The night-flowering catchfly is an annual herb producing a hairy, glandular stem up to about 75 or 80 centimeters in maximum height. It is sticky in texture. The hairy, widely lance-shaped leaves grow in opposite pairs and are up to 14 centimeters long and 5 wide, the largest ones located low on the stem. The flowers are nocturnal, and occur in an open cyme of up to fifteen blooms, each borne on an erect pedicel. The flower is encapsulated in a hairy calyx of fused sepals lined with a netlike pattern of veining.

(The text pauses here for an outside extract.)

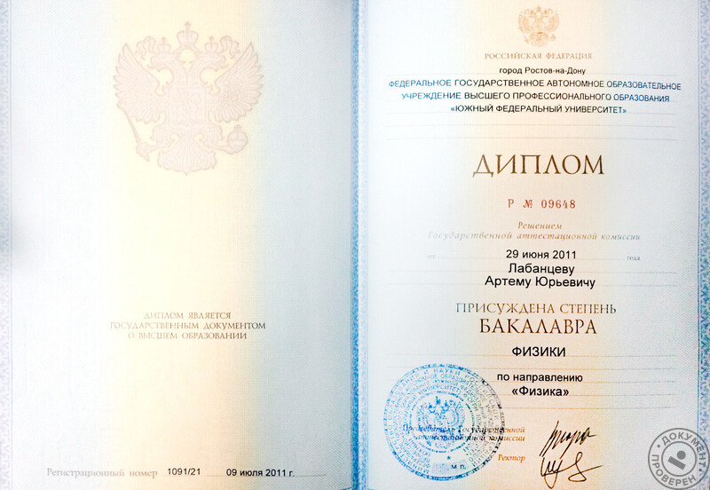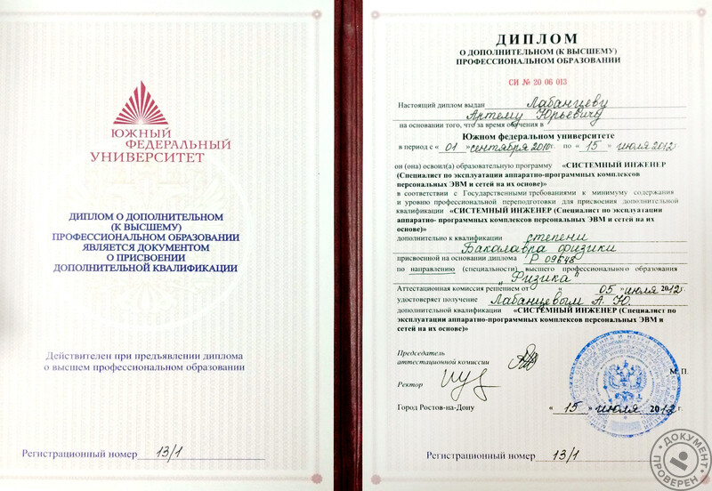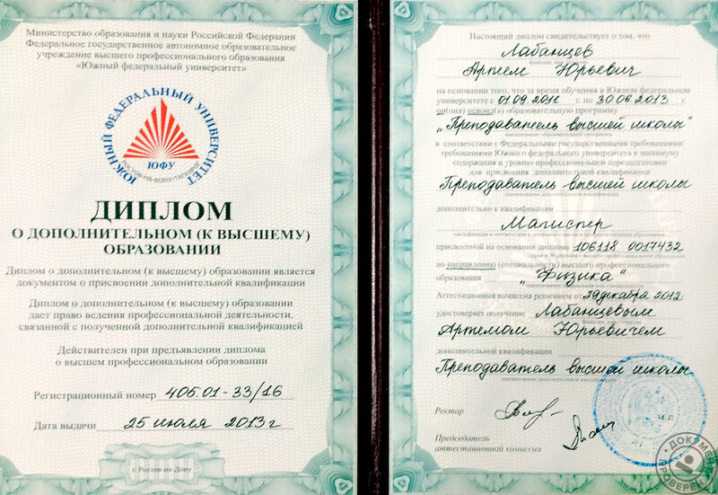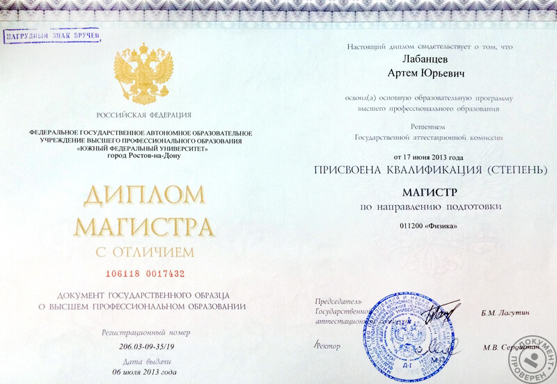 - Окончил с отличием магистратуру ЮФУ, физический факультет, направление – физика (2013 г.); в 2011 году получил степень бакалавра. Диплом о дополнительном (к высшему) образовании по специальности «Преподаватель высшей школы» (2013 г.).

The five petals are white to pink and each has two lobes at the tip. They measure up to 2.5 centimeters wide when fully open. The fruit is a yellowish-brown capsule with six chambers which splits open to release the seeds.

==Ecology==
As night falls the flowers of the night-flowering catchfly open and release a strong fragrance which attracts night-flying moths which feed on the copious nectar and pollinate the plant.

==Research==
Besides being a competitive weed, the night-flowering catchfly is host to some plant pathogens that can spread to crop plants, including tobacco streak virus and Lychnis ringspot virus.

The mitochondrial genome of this species has been sequenced. It is 6.7 megabases long, which is very large compared to some other Silene species such as Silene vulgaris (0.43 megabases), is one of the largest sequenced plant mitochondrial genomes (the largest is Silene conica at 11.3 megabases), and consists of 59 small chromosomes.